Laurie S. Lessen-Reiche is a fulltime person living fully for writing in Petaluma, California. She has published widely in magazines such as The Princeton Arts Review, Kingfisher, The Southern Poetry Review and The California Quarterly." She is the recent winner of Lilith's Magazine's 2006 Charlotte Newberger Poetry Award. She loves talking to people about all things, especially poetry, philosophy, literature, and politics, and welcomes any and all email from other writing, painting, singing, dancing, stressing, lolling, strangers! Email Laurie at: p.reiche@comcast.net

Tuesday, May 02, 2006

Do yourself a favor and indulge in the latest installment of Searchlights & Signal Flares at Tiny Lights .This one is themed, "What Scares You the Most about Writing?"
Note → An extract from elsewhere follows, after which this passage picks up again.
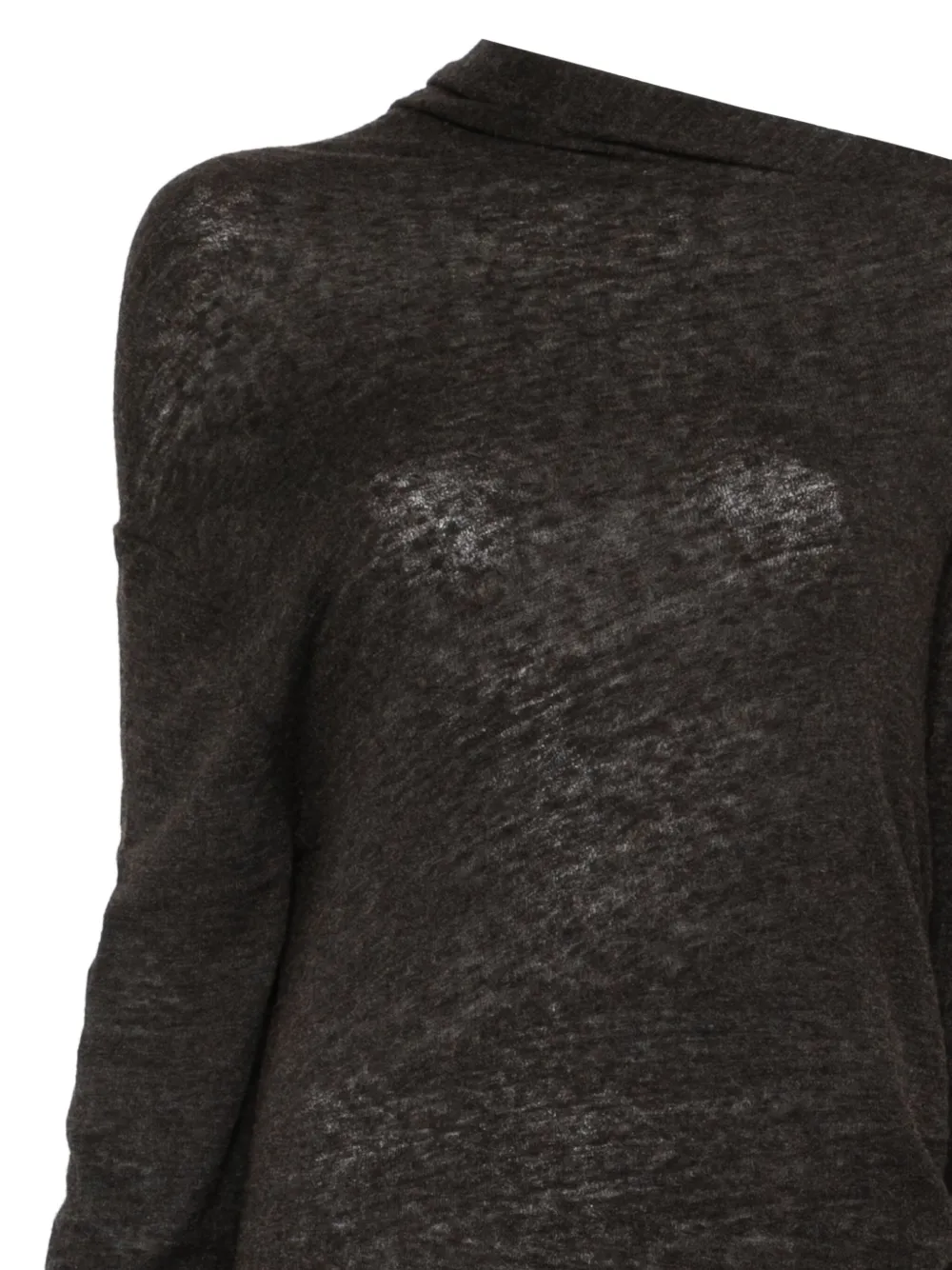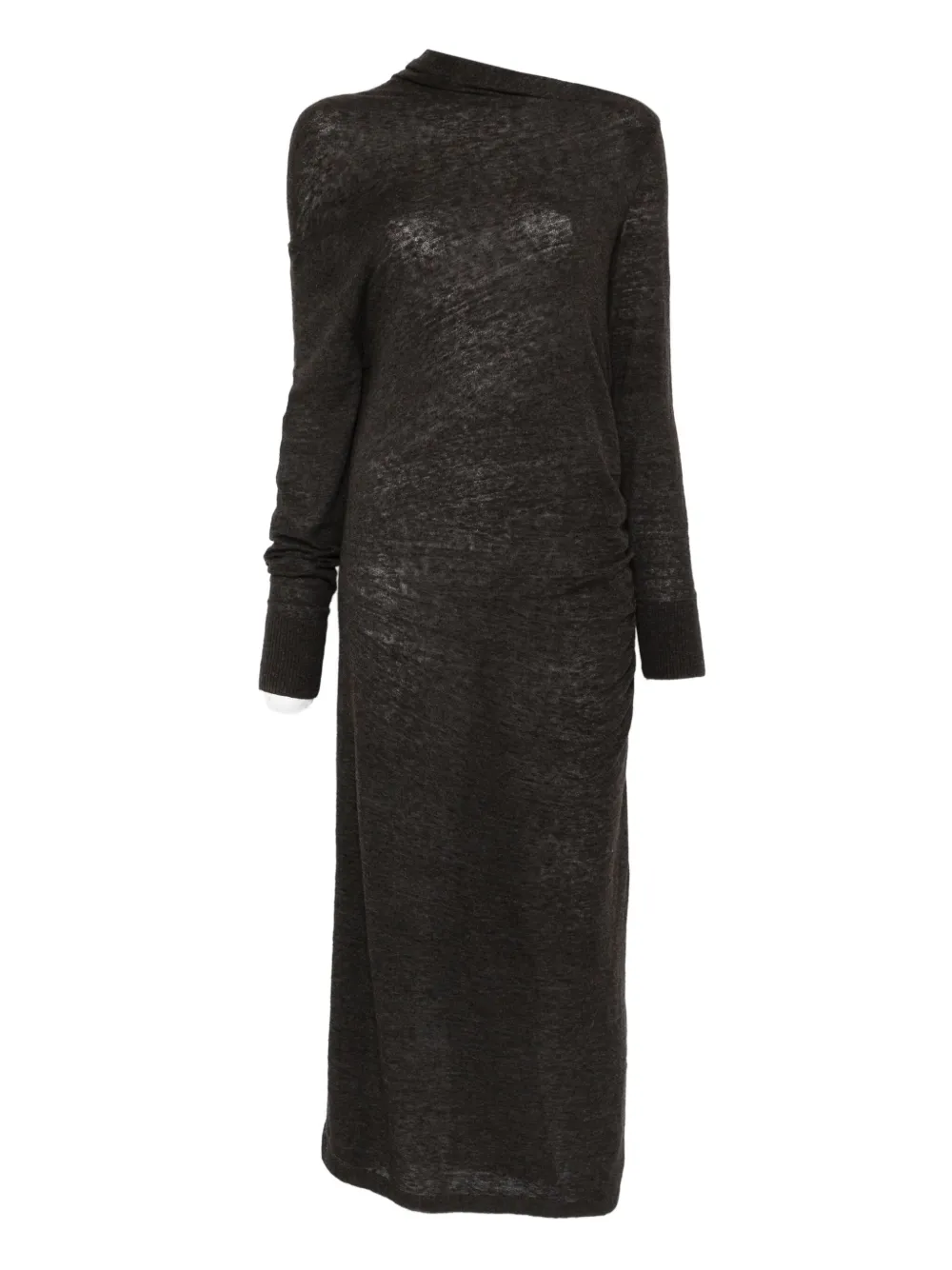 Коричневое платье миди с драпированным воротником и длинными рукавами

Here's a teaser from Christine Falcone:

What scares me the most about writing is getting too close to the edge, revealing too much about myself, allowing the world to see who I really am. It's the same feeling I get around heavy machinery or power tools. Just standing next to a skill saw, or a running lawnmower with its whirling blades is enough to make me pale. When I'm really writing the truth, writing what's real, I have the sensation that I'm walking on the edge of a razorblade. It's dangerous. It's exhilarating. And there's usually a little bit of blood involved. It's the way the words flow out of me before I can stop them, seize them and take them back. It's a reckless sort of abandon that leaves me chasing after myself, after my characters sometimes, wondering: what was I thinking revealing THAT!?
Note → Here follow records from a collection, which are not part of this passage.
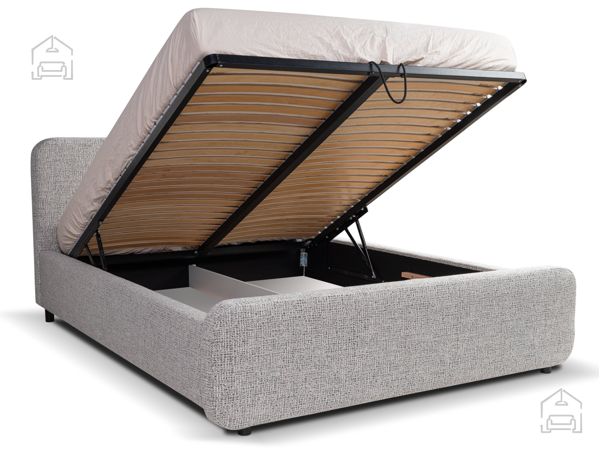 Obwohl der Hebemechanismus nicht enthalten ist, bietet das Hogan-Bett praktische Lösungen mit einer eingebauten Bettwäsche-Schublade. Diese Funktionalität ermöglicht eine optimale Raumnutzung und sorgt dafür, dass Ihr Schlafzimmer immer ordentlich bleibt. Die Schublade ist ideal zur Aufbewahrung von Decken, Kissen oder Bettwäsche und hilft Ihnen, Ihren Raum zu organisieren.
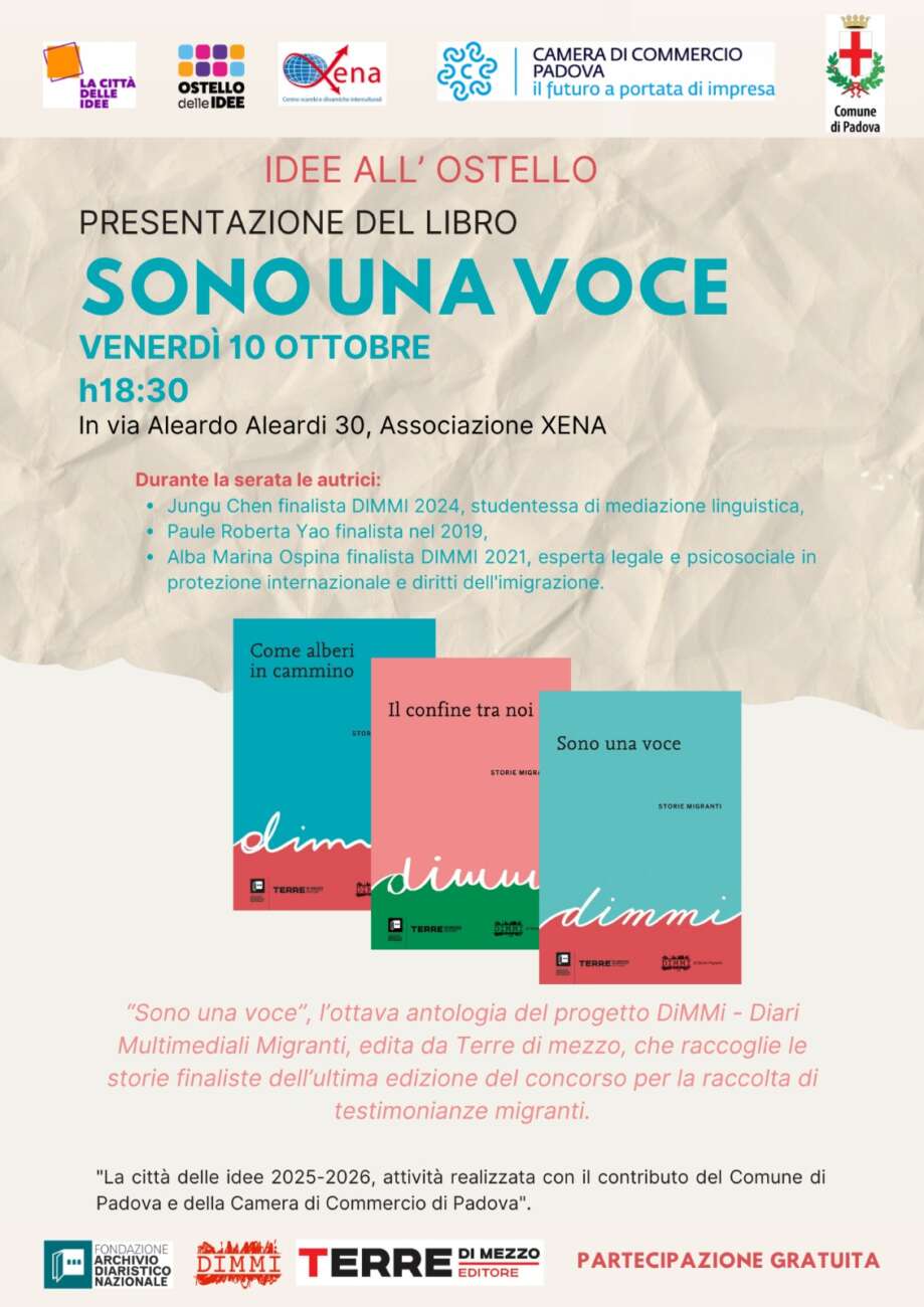 Il 10 ottobre 2025 alle ore 18.30 presso l’associazione Xena a Padova verrà presentata “Sono una voce”, l’ottava antologia del progetto DiMMi – Diari Multimediali Migranti, edita da Terre di mezzo, che raccoglie le storie finaliste dell’ultima edizione del concorso per la raccolta di testimonianze migranti.
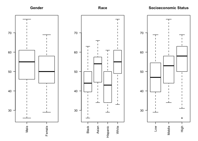 We can make our chart even more informative by comparing the science score based on gender, race and socioeconomic status in a single figure with side-by-side sub-plots for each variable. In order to accomplish that, we use the par() function to change graphical parameters and instruct R to create a figure with 1 row and 3 columns using the mfrow=c(1,3) option. Once the graphical parameters are set, the three plots for gender, race and socioeconomic status variables will be created side-by-side in a single figure.
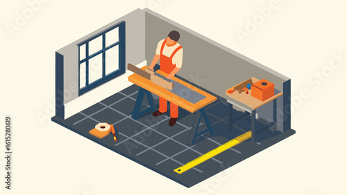 Renovace posádky vektorové ploché izometrické zobrazení řezu ilustrace. Odřízněte interiér domu s pracovníky, kteří malují stěny, instalují laminátové a elektrické zásuvky.
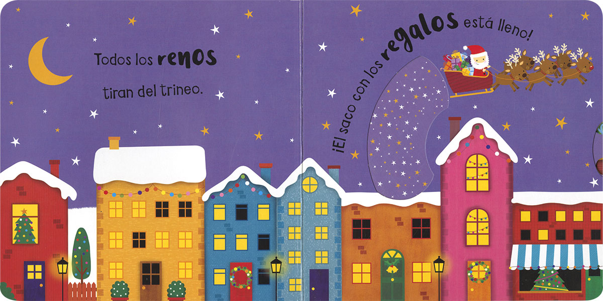Acompaña a Papá Noel en el día más especial del año mientras te diviertes con este libro interactivo. Con una lengüeta, una rueda, un pop-up... ¡Lee y juega en Navidad!
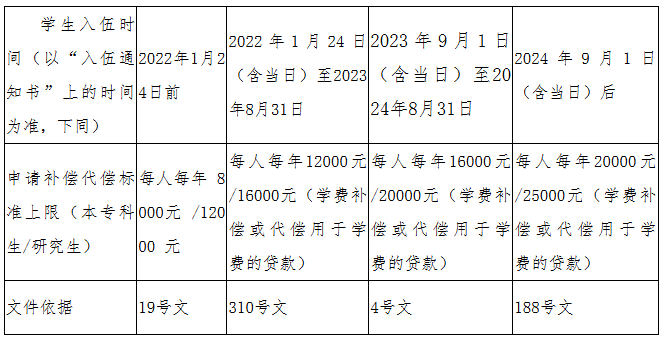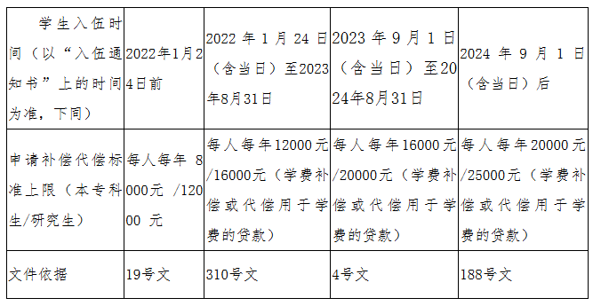 根据教育部等四部门《关于调整完善国家助学贷款有关政策的通知》(教财〔2024〕188号,以下简称“188号文”)精神,自2025年秋季学期开始,全日制本专科生学费补偿、用于学费的国家助学贷款代偿和学费减免标准最高按每生每年20000元,研究生最高按25000元执行。其他年度申请入伍学费补偿、贷款代偿、学费减免,按照当年的资助标准执行,具体执行依据为财政部、教育部、人力资源社会保障部、退役军人部、中央军委国防动员部2019年和2021年印发的《学生资助资金管理办法》(分别为“财科教〔2019〕19号”和“财教〔2021〕310号”,以下简称“19号文”和“310号文。
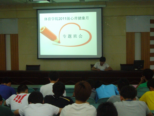 为面向学院员工宣传和普及心理健康知识,响应学校“5月25日心理健康月”主题活动。5月27日,2011级社会体育、体育教育专业全体同学在英国正版365官方网站圆形报告厅进行心理健康教育主题班会。此次班会由11级辅导员汪华伟老师主持。
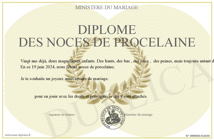 Envoyez par email votre Diplôme DES NOCES DE PROCELAINE personalisé
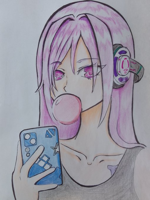 Y aquí está otro dibujito para la sucia digo la @SeziaHaruma con el pelo suelto xd como estando en casa Espero les guste :3 #ArtistOnTwitter #SeziArt #Vtuber
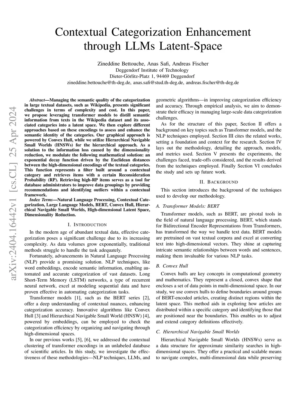Managing the semantic quality of the categorization in large textual datasets, such as Wikipedia, presents significant challenges in terms of complexity and cost. In this paper, we propose leveraging transformer models to distill semantic information from texts in the Wikipedia dataset and its associated categories into a latent space. We then explore different approaches based on these encodings to assess and enhance the semantic identity of the categories. Our graphical approach is powered by Convex Hull, while we utilize Hierarchical Navigable Small Worlds (HNSWs) for the hierarchical approach. As a solution to the information loss caused by the dimensionality reduction, we modulate the following mathematical solution: an exponential decay function driven by the Euclidean distances between the high-dimensional encodings of the textual categories. This function represents a filter built around a contextual category and retrieves items with a certain Reconsideration Probability (RP). Retrieving high-RP items serves as a tool for database administrators to improve data groupings by providing recommendations and identifying outliers within a contextual framework.
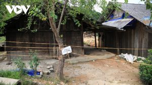 Lực lượng chức năng phong tỏa ngôi nhà của ông Dềnh sau khi tự ý đưa con trai từ khu cách ly về nhà.

But isn't that part of being a writer? Revealing everything, tunneling into every dark crevice, every hidden cavity looking for gold? Throwing the doors to our heart open like the shutters of some provincial inn and asking the world, no, daring the world to look inside, to come on in? Writing is a kind of invitation to readers to stop, look and listen to me. And having that kind of attention, that measure of an audience who might judge, misunderstand, ridicule or even contradict what I have to say scares the hell out of me. Somehow the idea of writing isn't as scary if I think it's just for myself. But then where's the risk? It's a bit like walking a tightrope two inches off the ground. No, the real danger in being a writer is letting go of your writing, giving it over to the world to do with it, make with it what it will. And that letting go is quite possibly the thing that scares me more than anything else.


Searchlights columnist Christine Falcone's fiction, nonfiction and poetry have appeared in various print and online publications. Her work has also aired locally on public radio and nationally on public television. She is currently working on her first novel entitled, This Is What I Know.